DATA FOR REVIEW
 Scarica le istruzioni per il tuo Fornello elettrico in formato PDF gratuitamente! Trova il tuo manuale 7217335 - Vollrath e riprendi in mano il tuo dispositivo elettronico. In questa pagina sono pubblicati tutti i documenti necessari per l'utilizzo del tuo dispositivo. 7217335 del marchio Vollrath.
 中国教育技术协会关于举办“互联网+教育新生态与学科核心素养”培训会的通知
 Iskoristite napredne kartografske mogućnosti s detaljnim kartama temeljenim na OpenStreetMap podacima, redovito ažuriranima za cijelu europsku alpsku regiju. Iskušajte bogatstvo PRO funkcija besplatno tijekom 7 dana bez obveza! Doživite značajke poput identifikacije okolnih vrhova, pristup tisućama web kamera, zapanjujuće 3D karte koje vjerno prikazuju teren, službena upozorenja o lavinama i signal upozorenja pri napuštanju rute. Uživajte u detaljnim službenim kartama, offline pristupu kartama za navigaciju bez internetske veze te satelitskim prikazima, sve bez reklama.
---
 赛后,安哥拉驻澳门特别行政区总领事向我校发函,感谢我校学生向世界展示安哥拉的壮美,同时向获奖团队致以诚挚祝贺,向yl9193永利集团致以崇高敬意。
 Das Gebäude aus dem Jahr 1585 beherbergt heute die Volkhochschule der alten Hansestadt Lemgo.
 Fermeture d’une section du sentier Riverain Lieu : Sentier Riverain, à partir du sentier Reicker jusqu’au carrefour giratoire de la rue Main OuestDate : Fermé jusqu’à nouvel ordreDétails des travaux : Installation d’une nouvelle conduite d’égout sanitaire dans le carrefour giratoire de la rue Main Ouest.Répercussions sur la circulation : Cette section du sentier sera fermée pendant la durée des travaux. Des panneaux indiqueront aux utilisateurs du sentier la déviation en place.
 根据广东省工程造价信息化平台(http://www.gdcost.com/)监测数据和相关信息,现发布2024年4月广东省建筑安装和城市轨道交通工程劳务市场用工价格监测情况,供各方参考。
--
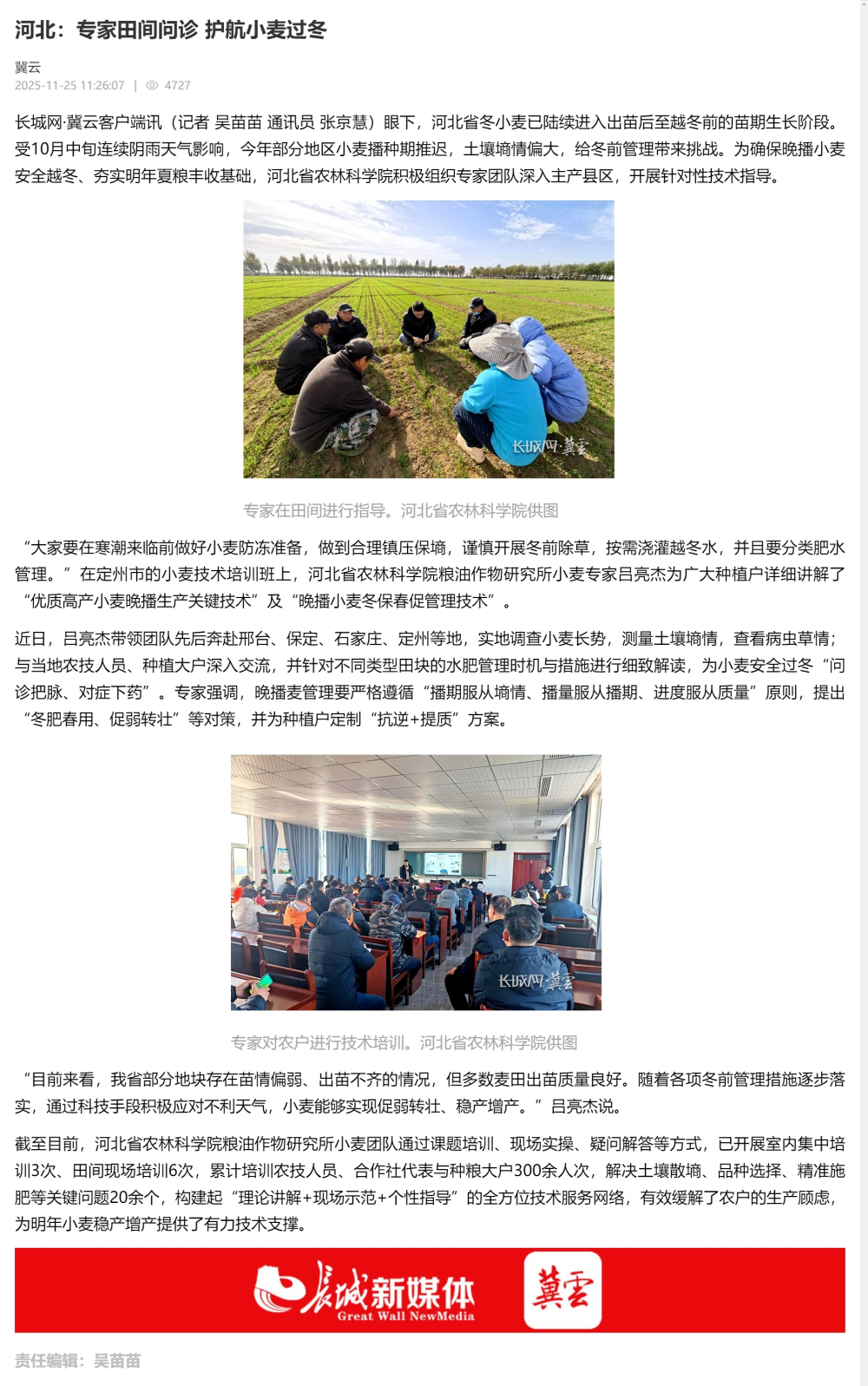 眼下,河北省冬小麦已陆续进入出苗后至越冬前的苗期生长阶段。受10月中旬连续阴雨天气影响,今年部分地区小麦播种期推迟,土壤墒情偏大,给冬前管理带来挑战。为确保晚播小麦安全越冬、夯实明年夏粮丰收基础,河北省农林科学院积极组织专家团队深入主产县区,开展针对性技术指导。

WORK INSTRUCTIONS
When you reach the line containing "Scarica le istruzioni" in the data above, start copying exactly, and stop after the line containing "Iskoristite napredne kartografske".

SOLUTION BELOW
 Scarica le istruzioni per il tuo Fornello elettrico in formato PDF gratuitamente! Trova il tuo manuale 7217335 - Vollrath e riprendi in mano il tuo dispositivo elettronico. In questa pagina sono pubblicati tutti i documenti necessari per l'utilizzo del tuo dispositivo. 7217335 del marchio Vollrath.
 中国教育技术协会关于举办“互联网+教育新生态与学科核心素养”培训会的通知
 Iskoristite napredne kartografske mogućnosti s detaljnim kartama temeljenim na OpenStreetMap podacima, redovito ažuriranima za cijelu europsku alpsku regiju. Iskušajte bogatstvo PRO funkcija besplatno tijekom 7 dana bez obveza! Doživite značajke poput identifikacije okolnih vrhova, pristup tisućama web kamera, zapanjujuće 3D karte koje vjerno prikazuju teren, službena upozorenja o lavinama i signal upozorenja pri napuštanju rute. Uživajte u detaljnim službenim kartama, offline pristupu kartama za navigaciju bez internetske veze te satelitskim prikazima, sve bez reklama.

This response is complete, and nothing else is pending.